‘You need deliberate focus to master a skill’

In Photo: Dr. Reinabelle Reyes delivers a commencement speech at the Ateneo de Davao University.

In this age of fast-food and instant gratification, hard work, patience and dedication are still the factors to propel an individual to success.

In her recent commencement speech at the Ateneo de Davao University, Dr. Reinabelle Reyes told the students that they have to master a set of skills to accomplish their tasks or goals.

“How do you master a skill? There is only one way to do it—it takes deliberate focus over a long period of time. My PhD took five years, deliberately focused in training to become a scientist. The recipe is simple, but not easy: I’ll say it again—you need deliberate focus over a long period of time,” said Reyes, who graduated valedictorian at the Philippine Science High School.

Reyes, who finished her PhD in Astrophysics at Princeton University, said remaining focused is a big challenge for the current generation mainly because of the Internet, stressing that the emergence of Facebook and other apps that are constantly pinging and nonstop updating with new posts take an individual’s time and disturb one’s attention.


Admitting that she also faces the same challenge, she sympathized with the students, telling them “how hard it must be for you, who grew up with these devices.”

“My hope is that you consider your ability to focus—and find ways to improve it. Meditation worked wonders for me. In meditation, you sit still and focus your attention on your breath. It’s that simple, but not easy. Try it some time. It is an exercise for the mind and it strengthens your focus muscle. Do it enough and you’ll have a superpower,” she pointed out.

Reyes also urged the students to be patient in honing and developing their craft because nobody starts out being good.

She added that constant practice and learning from the mistakes would make them better individuals in the long run.

“You need to be patient. You can add a friend on Facebook instantly, but real friendships take time.

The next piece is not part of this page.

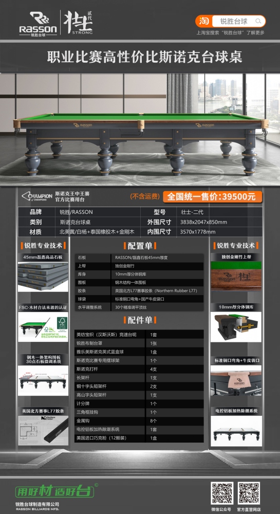 锐胜/RASSON 壮士二代 斯诺克台球桌

You can get a date on Tinder instantly, but relationships take time. You can download course materials from Coursera instantly, but learning something deeply and becoming good at it—becoming great— takes time,” Reyes pointed out.

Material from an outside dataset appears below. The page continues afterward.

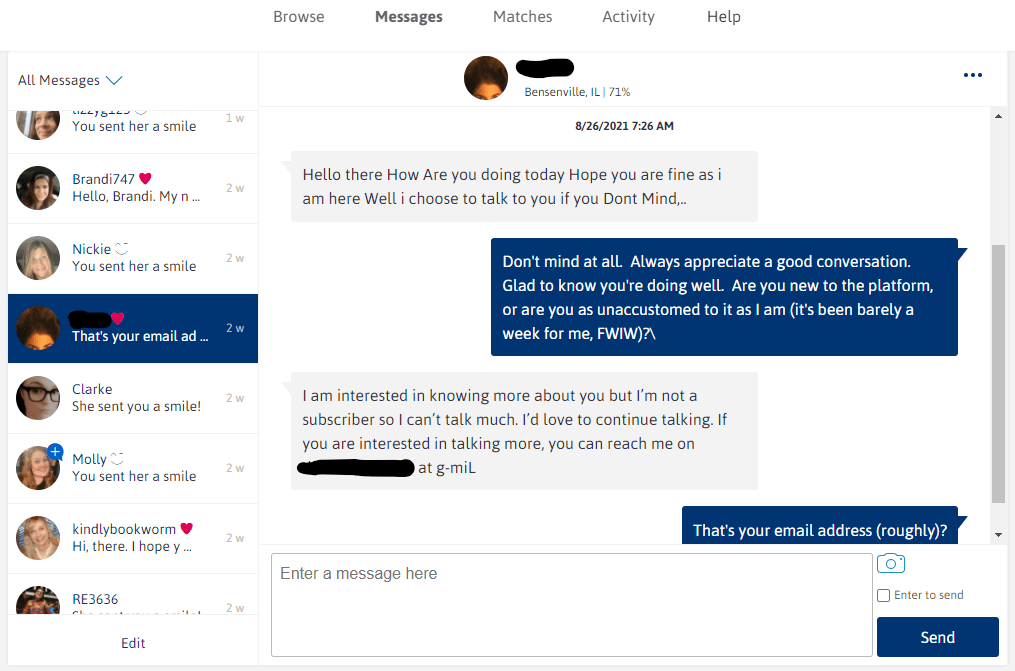 I did respond to her, asking about her illness, as well as her interest in aircraft and where in the country she was from prior to locating in suburban Bensenville – and also attempting to give a basic description as to what I might be looking for from a potential romantic partner, per ‘her’ own inquiry – and I got this absolute WALL of text from ‘her:’

She urged students to take their first job seriously—“even if it may not end up being what your heart sings for.”

She added: “If you don’t take it seriously, you honestly wouldn’t know. Give it a fighting chance. Give yourself a chance to get better at something—at anything,” she said.

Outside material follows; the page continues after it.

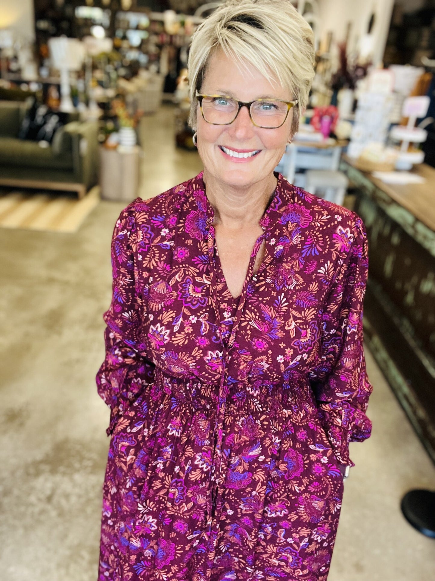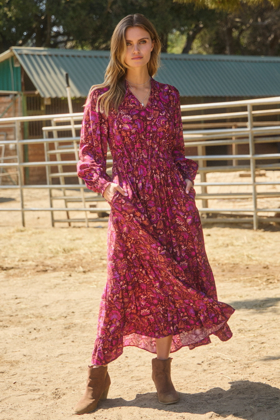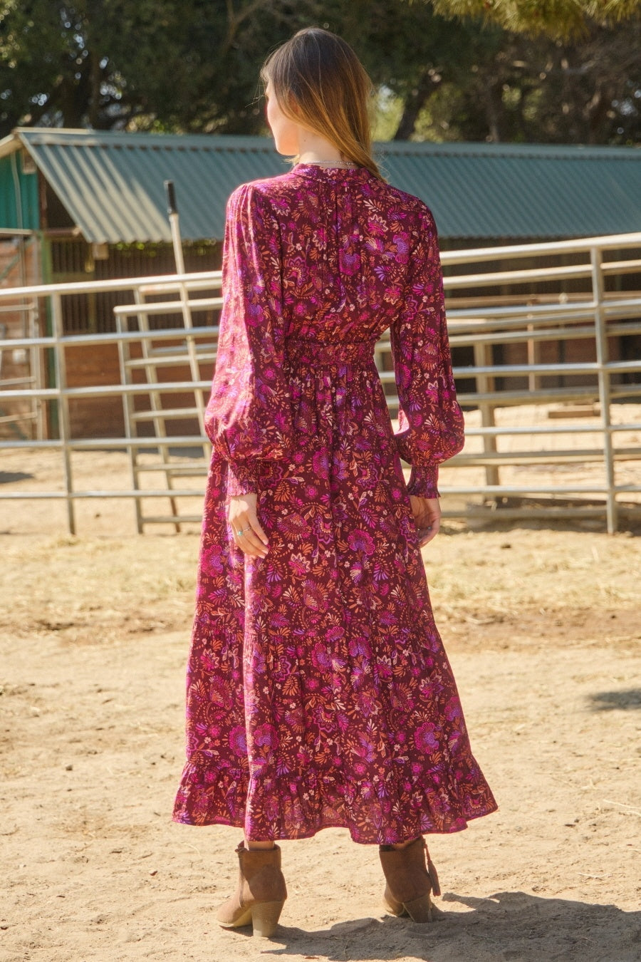 Ethic bohemian print tired maxi long sleeve dress with smocking details.

Reyes added it is also important to listen to one’s heart. After determining what the heart says, she advised students to focus and work on that until they become good.

“Focus on that—and become better than you were, better and better until you’re actually good—and useful. It is the path to a happy and fulfilled life,” she said.

While she was on her second year of the three-year postdoctoral research fellowship at the University of Chicago, Reyes said she experienced a burnout and decided to go back to the Philippines afterward.

“I lost all motivation to work—or to do much of anything. To be honest, I was depressed. The social isolation and long Chicago winters did not help,” she recalled.

After attending a conference in Tokyo, Reyes grabbed the opportunity to travel to the Philippines and do a silent retreat at the Sacred Heart Novitiate

“It was a haven. There, I asked for advice from Fr. Earl Barredo, a kind and wise Jesuit priest. I told him that I was looking forward to coming back to the Philippines and starting my life here. But in the meantime, I needed to muster the motivation to continue my work back in the States and finish writing the paper I’m working on with my colleagues. I felt that it was something that I needed to do.”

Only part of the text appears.